Problem - Copy exactly, beginning with the line holding "SUM STUDIO Cam" and ending with the final line of the data beneath this task; copy nothing else, and leave out every picture.

Dataset excerpt -
+++++

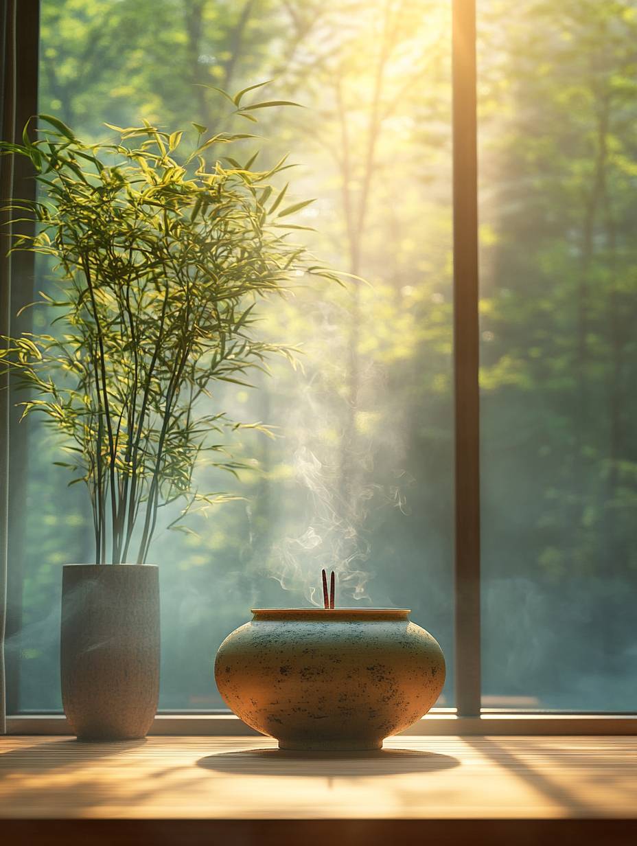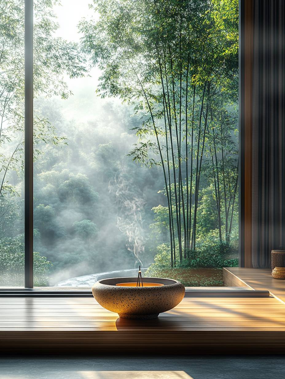 Healing, burning incense, quiet, minimalist background, bamboo stream outside window, peaceful atmosphere with green trees, green and gray gradient, realistic rendering style, cool light tones, central axis symmetrical composition, warm yellow background indoors, cool background outdoors, real photo, large panorama, panoramic view, real details, real photography, real HD image. --ar 3:4 --stylize 750 --v 6.1
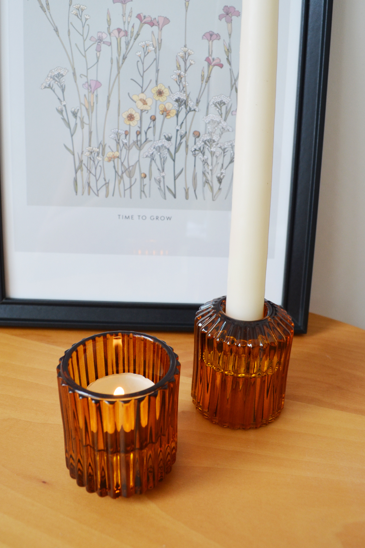 SUM STUDIO Cam Amber Şamdan Mumluk, 2 li Set Çift Taraflı
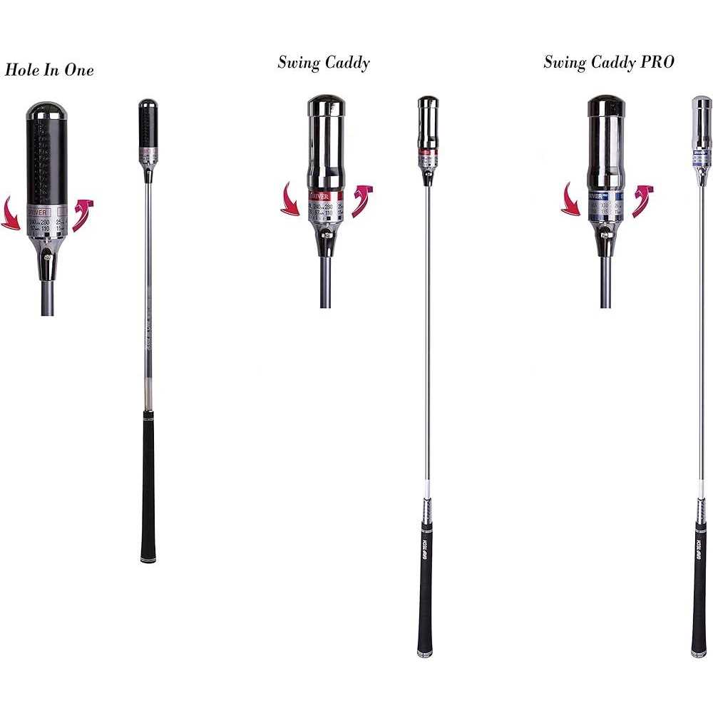 Swing Caddy Features: The Swing Caddy training aid trains you to swing clubs from Sand Wedge to Driver with 2 clicks at desirable impact/rhythm/tempo & follow-through by adjusting Control Scale for optimum distance/accuracy. Practice by selecting the desired distance and head speed. Enables you to locate the correct impact point. Increases your drive distance by 20 to 30 more yards with better accuracy GUARANTEED. Teaches a balanced swing and follow-through. Develops the muscle memory needed for a great swing. Enables the correct swing rhythm and tempo. This golf swing impact and rhythm trainer gives you the freedom to practice your swing indoors or outdoors. Swing Caddy PRO (new) #1 Rated Golf Swing Trainer NOW WITH HIGHER SPEED CALIBRATION and WIDER DYNAMIC RANGE (25 ~ 330 YARDS up to 135mph swing speed!) FASTER SWING SPEED (11 ~ 135 MPH) IMPROVE TEMPO & RHYTHM BETTER ACCURACY Newly designed golf swing trainer for the power hitters with even higher swing speeds (11 – 135 MPH) and longer balls (25 – 330 yards).
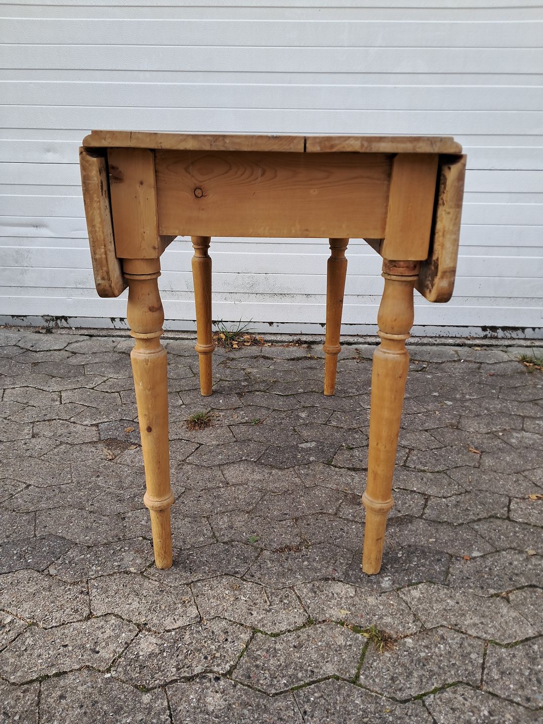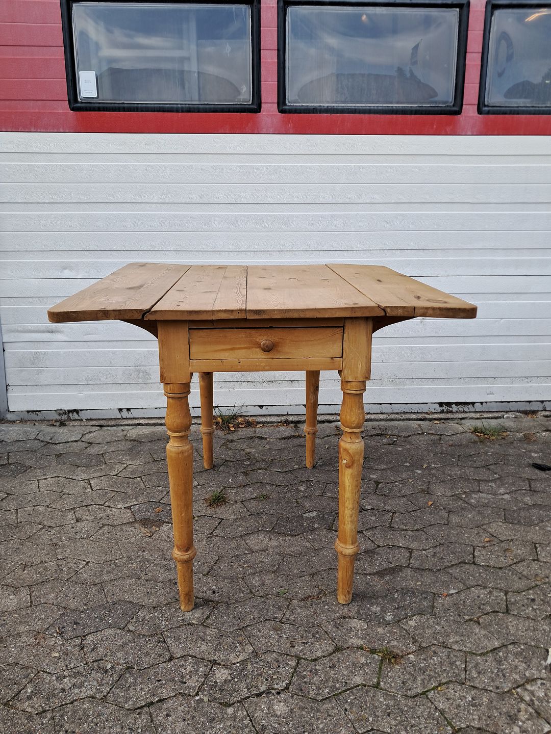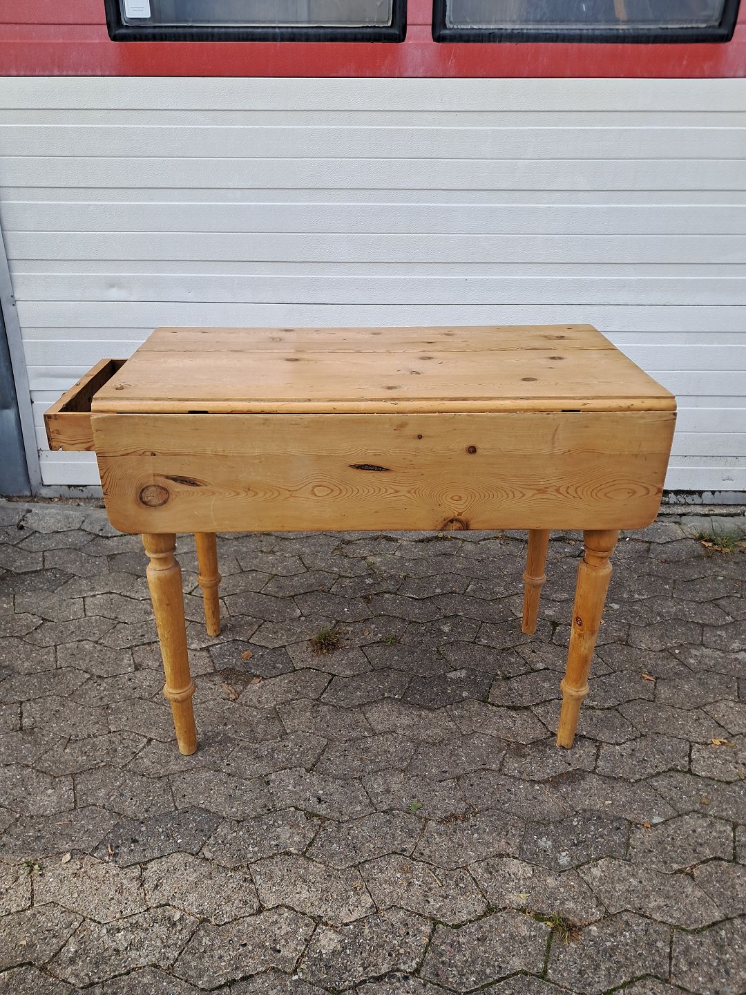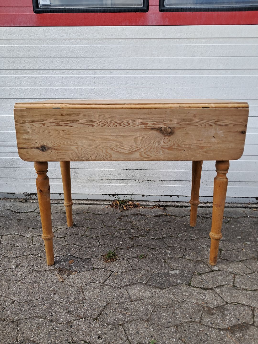 Bord i massivt fyrretræ med klapper og skuffe, fra 1920erne. Det har brugsspor. Højde 78cm Bredde 52cm Bredde med klapper 91cm Længde 94cm Emne nummer: 77350

+++++

Exercise answer -
 SUM STUDIO Cam Amber Şamdan Mumluk, 2 li Set Çift Taraflı
 Swing Caddy Features: The Swing Caddy training aid trains you to swing clubs from Sand Wedge to Driver with 2 clicks at desirable impact/rhythm/tempo & follow-through by adjusting Control Scale for optimum distance/accuracy. Practice by selecting the desired distance and head speed. Enables you to locate the correct impact point. Increases your drive distance by 20 to 30 more yards with better accuracy GUARANTEED. Teaches a balanced swing and follow-through. Develops the muscle memory needed for a great swing. Enables the correct swing rhythm and tempo. This golf swing impact and rhythm trainer gives you the freedom to practice your swing indoors or outdoors. Swing Caddy PRO (new) #1 Rated Golf Swing Trainer NOW WITH HIGHER SPEED CALIBRATION and WIDER DYNAMIC RANGE (25 ~ 330 YARDS up to 135mph swing speed!) FASTER SWING SPEED (11 ~ 135 MPH) IMPROVE TEMPO & RHYTHM BETTER ACCURACY Newly designed golf swing trainer for the power hitters with even higher swing speeds (11 – 135 MPH) and longer balls (25 – 330 yards).
 Bord i massivt fyrretræ med klapper og skuffe, fra 1920erne. Det har brugsspor. Højde 78cm Bredde 52cm Bredde med klapper 91cm Længde 94cm Emne nummer: 77350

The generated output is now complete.